En ce qui concerne enfin les contrats de mise à disposition conclus avec la banque I, il se dégage des pièces qu’A a fait parvenir en octobre 2011 à ce client les offres pour le renouvellement d’un support annuel CITRIX, respectivement pour la mise en œuvre du « XenDesktop 5.5 » et que le client a fait parvenir à A le 2 novembre 2011 deux « purchase offers » correspondant à l’approbation des prédites offres. A a dès lors encore droit à une commission du chef de ces contrats.
Il suit des considérations qui précèdent que la demande d’A est fondée du chef des commissions. Le montant de 20.694,20 euros résultant du décompte présenté par A n’ayant pas fait l’objet de discussion entre parties, il y a lieu d’y faire droit.
Il y a partant lieu de réformer en ce sens le jugement entrepris.
Aucun acte de malice ou de mauvaise foi, voire erreur grossière équipollente au dol n’étant établis dans le chef d’A, la demande reconventionnelle de la société B en paiement du montant de 2.500 euros sur base de l’article 6- 1 du code civil sinon de l’article 1382 du code civil n’est pas fondée.
La société B ne justifiant pas l’iniquité requise par l’article 240 du NCPC, sa demande en obtention d’une indemnité de procédure n’est pas non plus fondée.
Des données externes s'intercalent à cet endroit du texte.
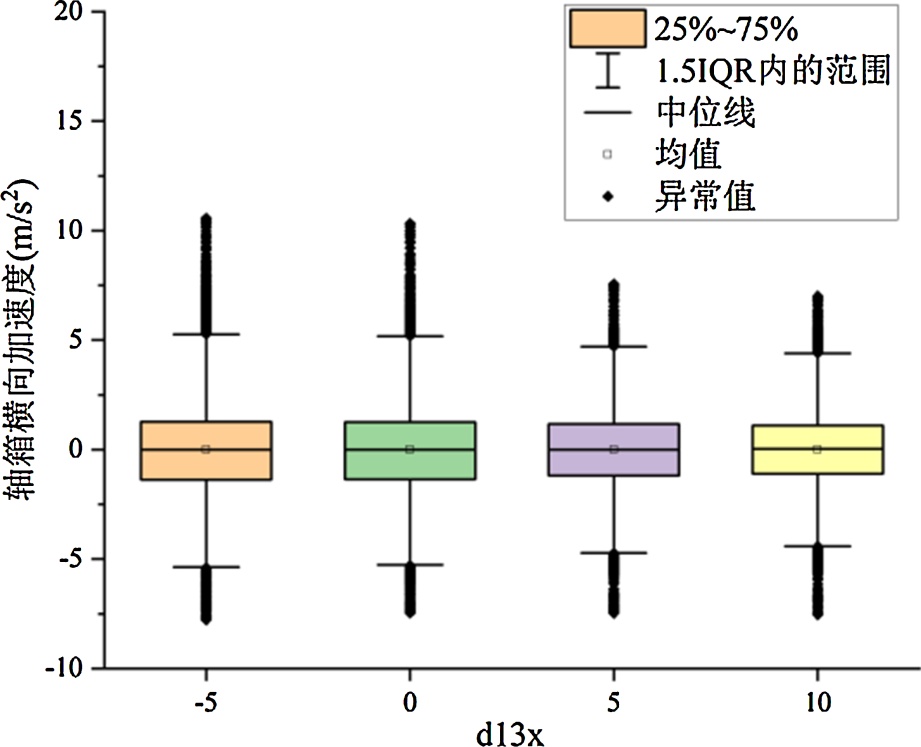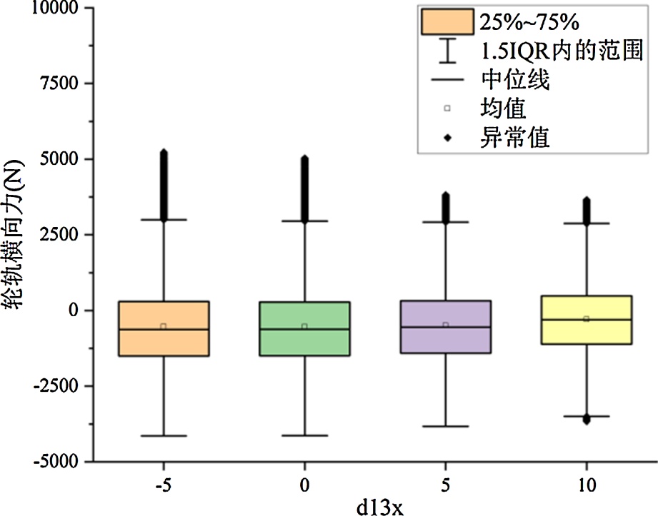如图8与图9所示,随着d13x由−5增大至10,轮轨横向力与轴箱横向加速度的中位数与均值整体上升;其中轮轨横向力在d13x = −5和d13x = 0时正向极大值较高。

Comme il serait inéquitable de laisser à charge d’A tous les frais par lui exposés et non compris dans les dépens, sa demande sur base de l’article 240 du NCPC est à déclarer fondée pour le montant de 1.500 euros.
PAR CES MOTIFS :
la Cour d’appel, troisième chambre, siégeant en matière de droit du travail, statuant contradictoirement, sur le rapport oral du magistrat de la mise en état,
reçoit l’appel ;
8 le dit fondé ;
par réformation :
dit la demande fondée ;
partant condamne la société anonyme B SA à payer à A la somme de 20.694 euros avec les intérêts légaux à partir du 25 octobre 2013 jour de la demande en justice jusqu’à solde.
dit non fondée la demande reconventionnelle de la société anonyme B SA en paiement de la somme de 2.500 euros sur base de l’article 6.1 du code civil, sinon sur base de l’article 1382 du code civil, sinon sur base de l’article 240 du NCPC ;
dit fondée la demande d’A sur base de l’article 240 du NCPC ;
partant condamne la société anonyme B SA à payer à A une indemnité de procédure de 1.500 euros.
condamne la société anonyme B SA à tous les frais et dépens des deux instances et en ordonne la distraction au profit de Maître Carmen RIMONDINI qui la demande affirmant en avoir fait l’avance.
La lecture du présent arrêt a été faite en la susdite audience publique par Monsieur le président de chambre Carlo HEYARD, en présence du greffier Isabelle HIPPERT.